Eleven miles through Cotswold countryside, walking through endless fields, many of them more or less rendered impenetrable by selfish farmers who appear to have no consideration for walkers. Theresa May claims the worst thing she has ever done wasto run through a cornfield! Well I have charged through several recently and in my view blazing such a trail is manifestly in the public interest.
It started like this…
We were heralded right-royally last night and I was asked to talk about the work of ZANE and how it began fourteen or so years ago. It all began by accident, really, as so much does that happens in life. We think we are in tight control but that is an arrogance.
It began in response to a cry for help. I met a woman whose husband was murdered in 2002 by Mugabe’s henchmen at the beginning of the troubles. She fled to the UK in fear of her life with two children. As she was a polio victim I thought she deserved help and so I gave her some money and off we went.
Then other sad cases appeared, and then more, and so the work of ZANE began in earnest.
I have learned the hard way that, if you can come to someone’s help when they are in need, then do so.
Fighting Fear
The shortcomings of St Peter and John Wayne are easy to criticise.
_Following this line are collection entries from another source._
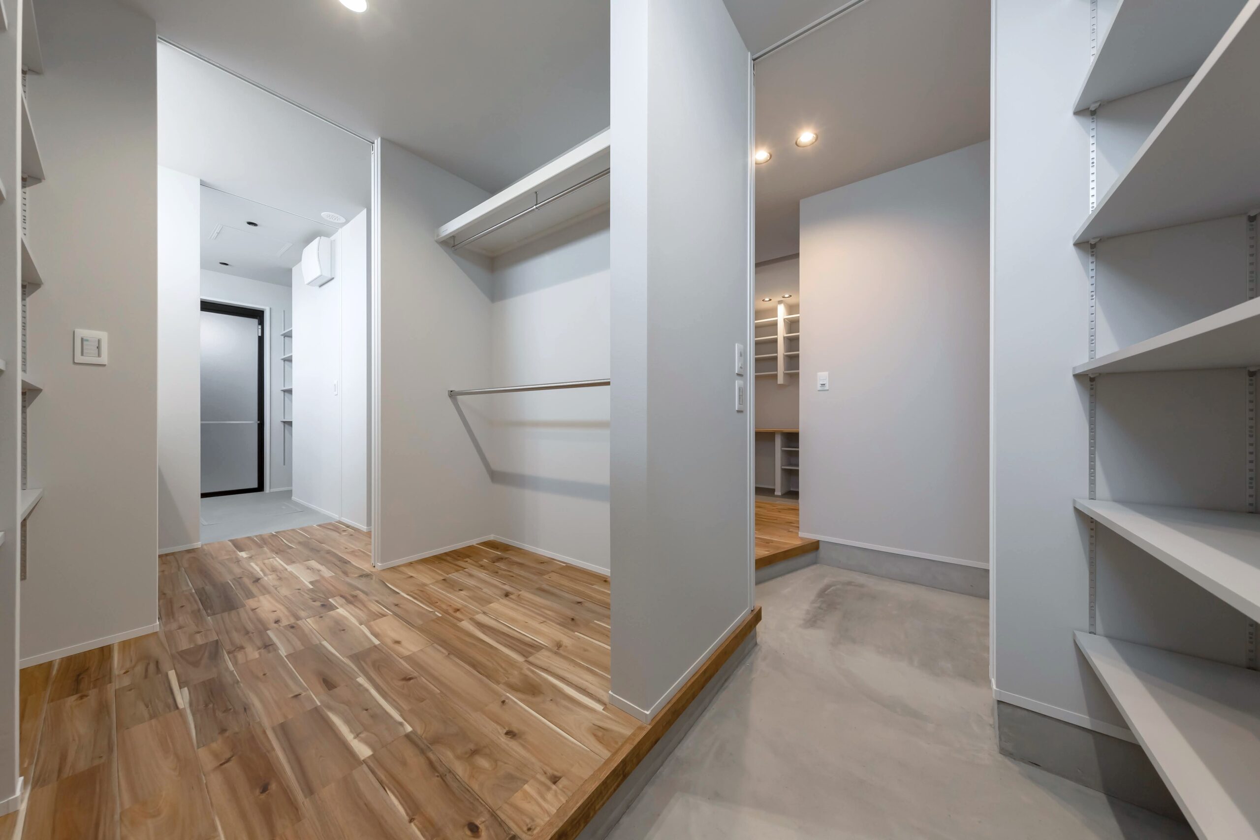 この家の最大の特徴は、玄関からリビングへと抜ける家族動線専用動線に設けられた「1階ファミリークローゼット」。
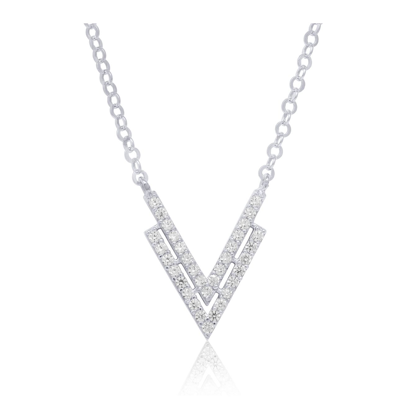 Moderni ja raikas hopeinen kaulakoru zirkonia-korukivillä kahden kolmion muodossa. Riipus on kiinteästi kiinni säädettävässä 43-46 pituisessa ketjussa.
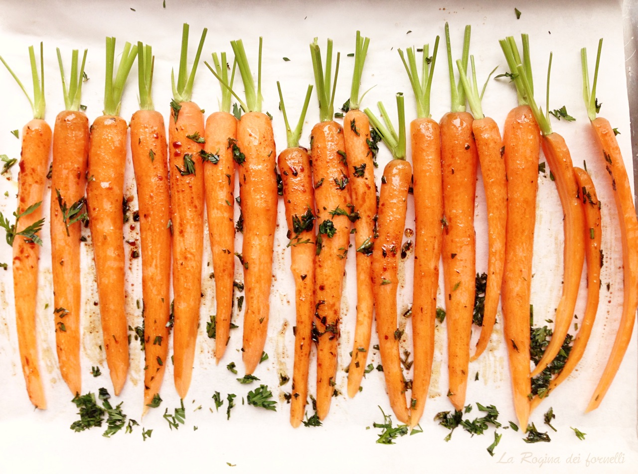 - aggiungere al condimento i ciuffi tritati e spennellare sulle carote
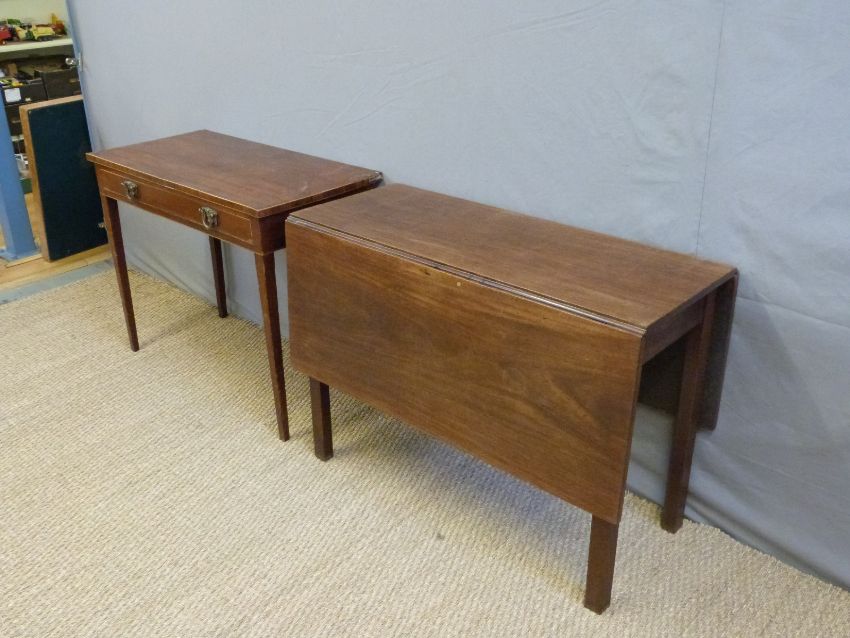 A 19thC drop leaf table, L101 x maximum W120 x H72cm and a hall table, width 92cm
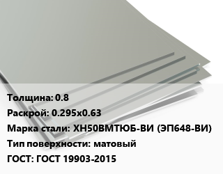 Лист нержавеющий 0.8 0.295х0.63 Сталь: ХН50ВМТЮБ-ВИ (ЭП648-ВИ) Тип:матовый ГОСТ 19903-2015
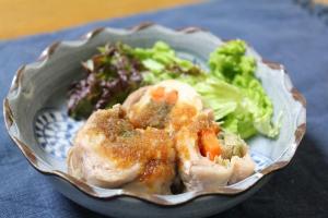 鶏もも肉の蒸し巻きを一口大に切り分け、おろしダレをかけたら出来上がり。
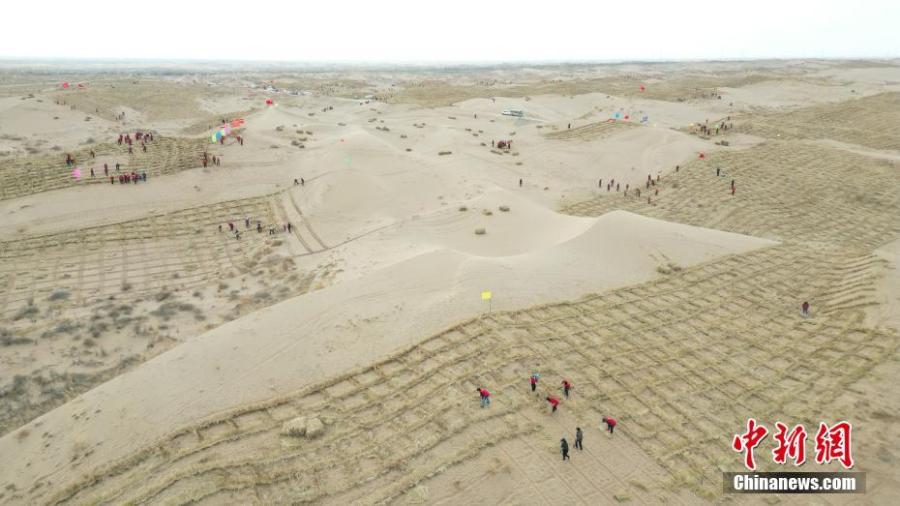 Locals make straw checkerboard sand barriers to combat desertification in Wuwei, northwest China's Gansu Province, March 2, 2023. Gansu has taken effective measures in fighting against desertification. (Photo/China News Service)
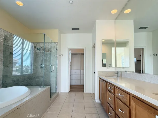Upstairs, the primary suite serves as a private retreat with a fully renovated, spa-inspired bathroom including a soaking tub, sleek glass-enclosed shower, dual vanities, and a walk-in closet with custom built-ins. A downstairs bedroom with full bath creates the perfect setup for guests or multi-generational living.
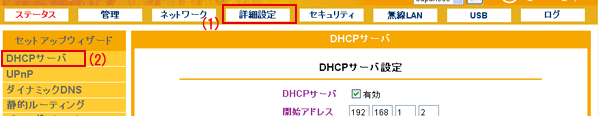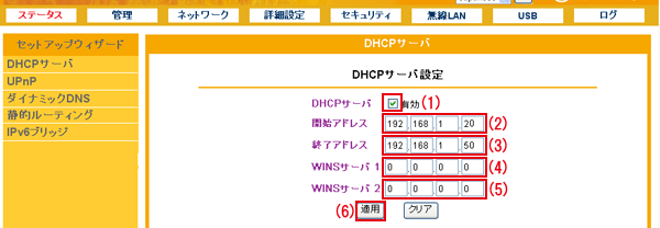DHCPサーバの設定をします。ここで指定した範囲内のIPアドレスがクライアントに対して自動的に付与されます。
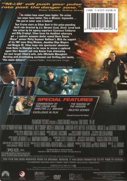 Retired from active duty, and training recruits for the Impossible Mission Force, agent Ethan Hunt faces the toughest foe of his career: Owen Davian, an international broker of arms and information, who's as cunning as he is ruthless. Davian emerges to threaten Hunt and all that he holds dear – including the woman Hunt loves.
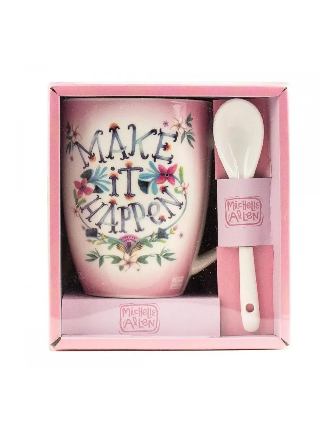 Características de la Taza con Cuchara Enesco Make It HappenLa **taza con cuchara Enesco Make It Happen** es el complemento perfecto para quienes buscan comenzar el día con estilo y una dosis de motivación. Diseñada con un toque artístico y fabricada por una marca reconocida por su calidad, esta taza es ideal tanto para uso personal como para regalar en ocasiones especiales.Diseño inspirador y acabado decorativoEsta taza destaca por su diseño floral en tonos vivos y el mensaje central **"Make it Happen"**, que invita a afrontar el día con energía positiva. El contraste entre el fondo blanco y los detalles coloridos aporta un estilo moderno y atractivo, ideal para alegrar cualquier escritorio o cocina.Diseño con mensaje motivacional "Make it Happen"Decoración floral en colores vivosFondo blanco que resalta los detallesIncluye cuchara de cerámica a juegoLa taza viene acompañada de una **cuchara de cerámica blanca**, pensada para remover fácilmente tu bebida favorita: café, té o infusiones. Un conjunto práctico y funcional para el uso diario.Cuchara de cerámica incluidaMaterial resistente y fácil de limpiarDiseño coordinado con la tazaProducto oficial con garantía de autenticidadFabricada por **Enesco**, una marca reconocida internacionalmente por sus diseños creativos y productos licenciados, esta taza cuenta con **licencia oficial**, lo que garantiza su autenticidad y exclusividad. Ideal para quienes valoran los detalles con significado.Fabricante: EnescoProducto con licencia oficialPerfecto como regalo original o coleccionableOtras especificacionesTipo de producto: Taza con cucharaUso recomendado: Bebidas calientesMaterial principal: CerámicaMotivo: Frase inspiradora + decoración floral

Their human weaknesses remind us that there is nothing very original about mankind. It’s all too easy for us to condemn others for sins that don’t hold any temptation for us, but it requires courage to take a long, hard look at ourselves and confront our own failings with a clear eye.
Turning a Blind Eye
I have a memory that even after 60 years still haunts me. I was about 12 at the time, at an Edinburgh prep school. In my class, there was a solitary Nigerian boy – let’s call him Martin. He was a sad child, tall, weedy and withdrawn. He had a high, rather effeminate voice, and a perpetually runny nose. Of course, being black, he was a rarity in post-war Edinburgh.
The net effect of all this was that his life was a torment, a grisly episode from Lord of the Flies. Children can be devilish to other children who are different and Martin was an obvious target. He was beaten and mocked, his food was spat on, and he was subjected to vicious racial abuse. I have no recollection of where the teachers, an inadequate bunch of war-scarred has-beens, were during these incidents – but I can still see Martin’s contorted, weeping face turning from side to side as he desperately sought the support of anyone who might come to his aid.
Now I didn’t take part in the bullying or the name-calling, and the fact that it was happening upset me. But I’m sorry to say I never tried to help Martin: I was afraid, of course, that the bullies might turn on spotty, stammering Benyon instead.
Even at my tender age, I learned a harsh lesson. I was frightened of the bullies and behaved like a coward. But I discovered that that being ashamed of myself was worse than any fear. Everything boiled down to one simple proposition: whatever the consequences, we all must act so we can live with ourselves.
This is how it works in so many bad situations in our cruel world. We know that what is happening is wrong, but we keep our counsel and busy ourselves with tidying our desks in the hope that the problem will just go away. We sidle along waiting for someone else to do the martyr bit and expose the bullies.
I have now learned that occasionally we have to face down what is unjust – and to hell with the consequences. As former concentration camp survivor Elie Weisel said in his 1986 Nobel Prize acceptance speech: “We must always take sides. Neutrality helps the oppressor, never the victim. Silence encourages the tormentor, never the tormented.”
Perhaps we think that those who speak out have to be virtuous superheroes –like Martin Luther King – but that is not true. The ones who act are often unsure of themselves. Moses was a murderer and stammered; Jeremiah was a depressed melancholic; Jonah was a coward and ran away; and Isaiah thought he was wholly unworthy. So, if we are fearful and doubt ourselves, we are in good company. But there are ways to defeat fear. Anna, in Richard Rodgers’ The King and I, sings:
Whenever I feel afraid,
I hold my head erect,
And whistle a happy tune,
So no one will suspect,
I’m afraid…
The Blessing of Anger
The truth is, you can become as brave as you pretend you are. That’s one way to come to terms with our terrors. Fear has always been with us: fear of being bullied, fear for our reputation, fear of pain, fear of upsetting someone, or the fear of losing friends. To avoid being crushed by our fears, we have to coax them out into the open and then crush them. Only if we do this, can we speak up for the voiceless, the weak and the poor.
We all have a will, and if we don’t stand for something, we will fall for anything. When this happens, we are not just asleep: we grow spiritually dead. There is a wonderful Franciscan prayer:
May God bless you with discomfort at easy answers, half-truths and superficial relationships… May God bless you with anger at injustice and exploitation of people, so that you may work for justice, freedom and peace… May God bless you with enough foolishness to believe that you can make a difference in this world, so that you can do what others claim cannot be done…
Poor Martin. I hope that if ever he reads this, he could bring himself to forgive me.